- _Data to process_:
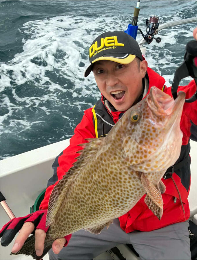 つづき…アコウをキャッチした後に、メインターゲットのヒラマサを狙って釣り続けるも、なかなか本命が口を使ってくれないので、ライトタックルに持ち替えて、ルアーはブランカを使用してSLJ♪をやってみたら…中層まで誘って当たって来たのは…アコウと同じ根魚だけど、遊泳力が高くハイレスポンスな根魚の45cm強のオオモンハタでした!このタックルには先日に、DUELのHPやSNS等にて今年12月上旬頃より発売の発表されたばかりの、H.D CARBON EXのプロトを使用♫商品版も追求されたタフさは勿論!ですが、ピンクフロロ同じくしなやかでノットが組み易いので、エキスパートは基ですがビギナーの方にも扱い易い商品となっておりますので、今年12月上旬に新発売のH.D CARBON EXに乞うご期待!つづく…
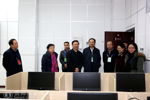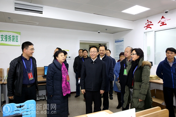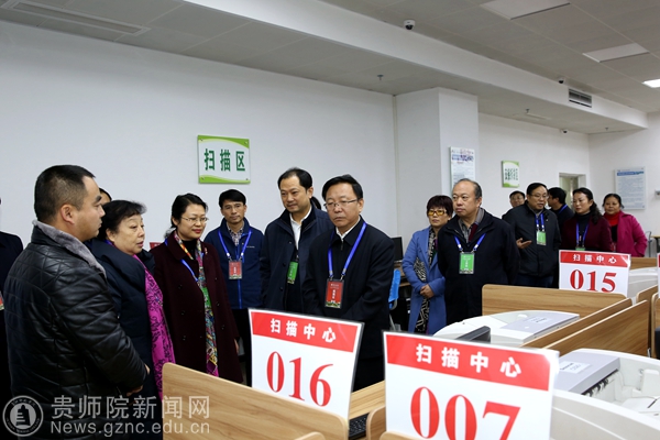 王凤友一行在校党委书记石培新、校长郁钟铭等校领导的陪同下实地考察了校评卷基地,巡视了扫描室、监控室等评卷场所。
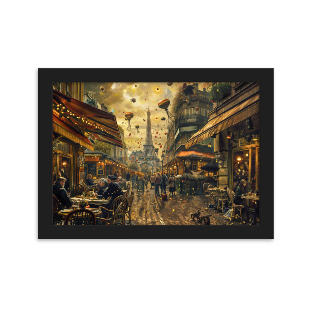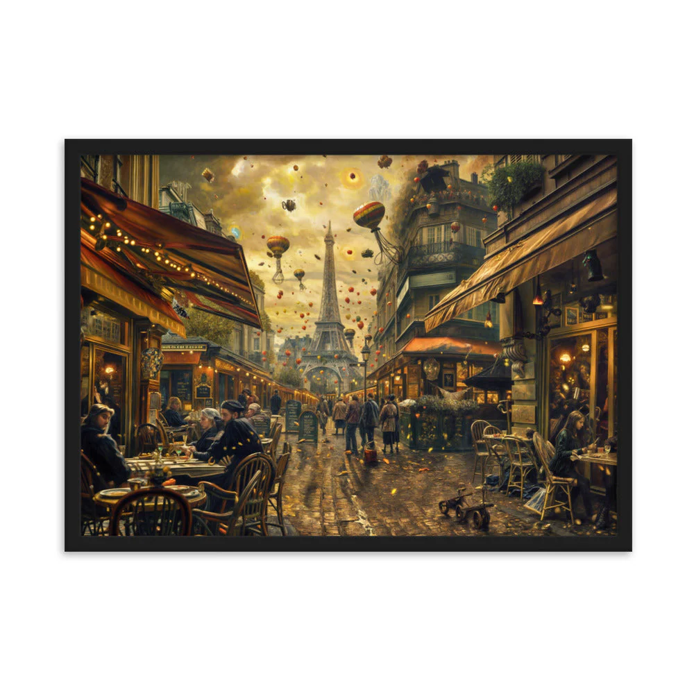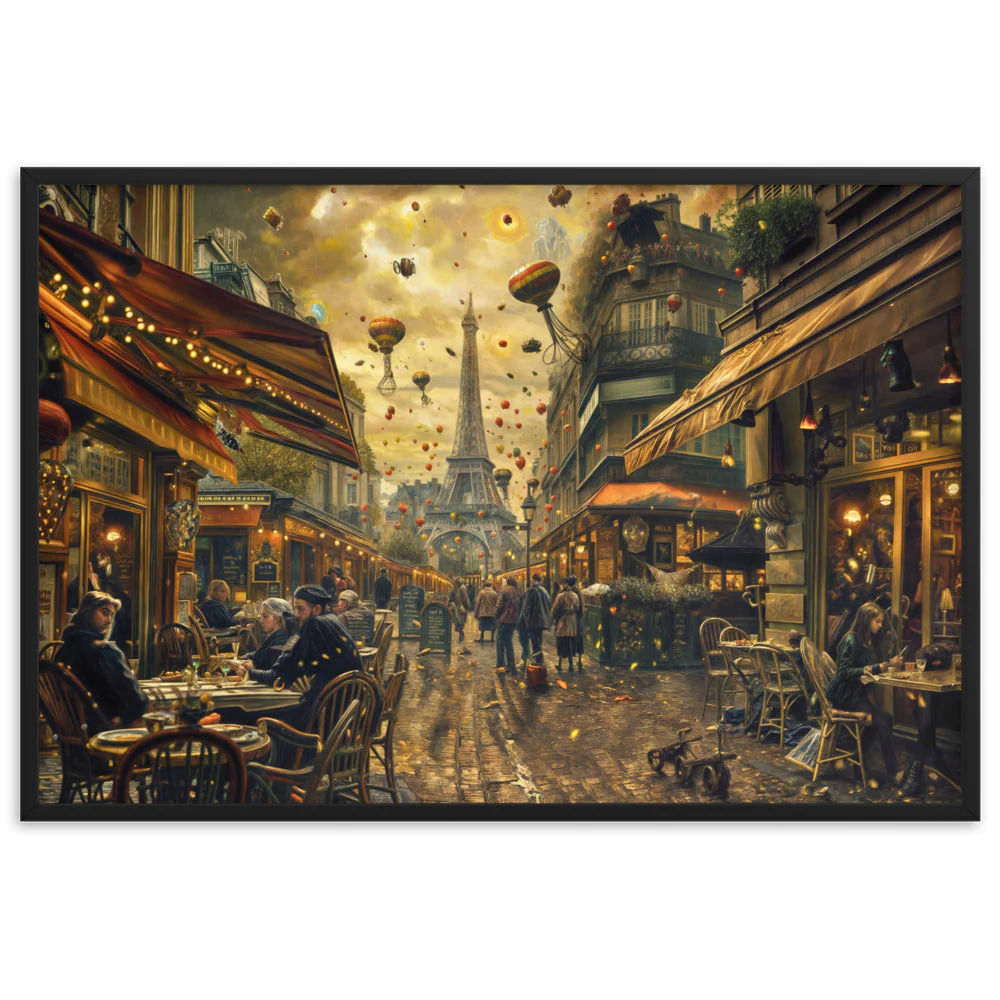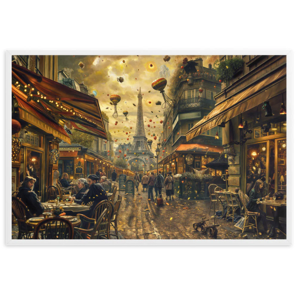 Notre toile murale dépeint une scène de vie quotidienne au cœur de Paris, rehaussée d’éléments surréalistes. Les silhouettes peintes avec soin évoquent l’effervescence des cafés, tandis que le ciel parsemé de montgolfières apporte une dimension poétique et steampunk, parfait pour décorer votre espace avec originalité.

==

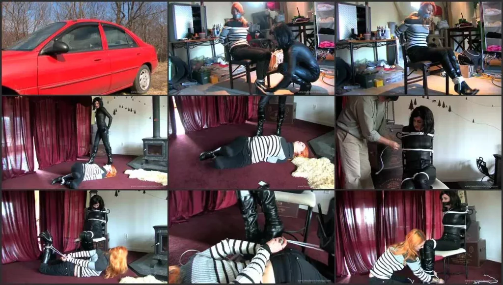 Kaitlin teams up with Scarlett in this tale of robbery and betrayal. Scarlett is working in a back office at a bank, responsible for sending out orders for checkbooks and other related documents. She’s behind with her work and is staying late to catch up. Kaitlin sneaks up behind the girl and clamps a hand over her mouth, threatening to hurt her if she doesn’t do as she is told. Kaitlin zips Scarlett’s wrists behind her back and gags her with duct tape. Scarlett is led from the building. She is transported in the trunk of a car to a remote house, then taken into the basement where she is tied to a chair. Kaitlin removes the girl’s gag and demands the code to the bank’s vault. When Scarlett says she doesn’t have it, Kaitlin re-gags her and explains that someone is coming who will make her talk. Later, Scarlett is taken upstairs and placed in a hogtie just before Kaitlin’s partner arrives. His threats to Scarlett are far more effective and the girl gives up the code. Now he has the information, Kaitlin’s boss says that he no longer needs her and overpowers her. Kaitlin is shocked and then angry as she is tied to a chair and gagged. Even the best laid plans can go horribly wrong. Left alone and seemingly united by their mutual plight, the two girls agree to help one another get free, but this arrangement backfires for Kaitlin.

--

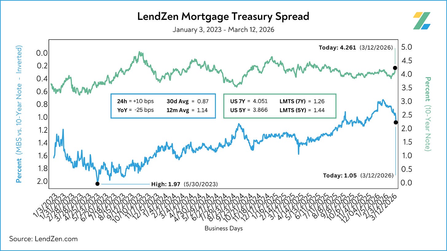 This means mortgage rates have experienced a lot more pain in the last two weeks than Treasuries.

- _Problem details_: The reply should hold the entries above from the line with "王凤友一行在校党委书记石培新" to the line with "Notre toile murale", duplicated exactly, pictures excluded.

- _Output_:
 王凤友一行在校党委书记石培新、校长郁钟铭等校领导的陪同下实地考察了校评卷基地,巡视了扫描室、监控室等评卷场所。
 Notre toile murale dépeint une scène de vie quotidienne au cœur de Paris, rehaussée d’éléments surréalistes. Les silhouettes peintes avec soin évoquent l’effervescence des cafés, tandis que le ciel parsemé de montgolfières apporte une dimension poétique et steampunk, parfait pour décorer votre espace avec originalité.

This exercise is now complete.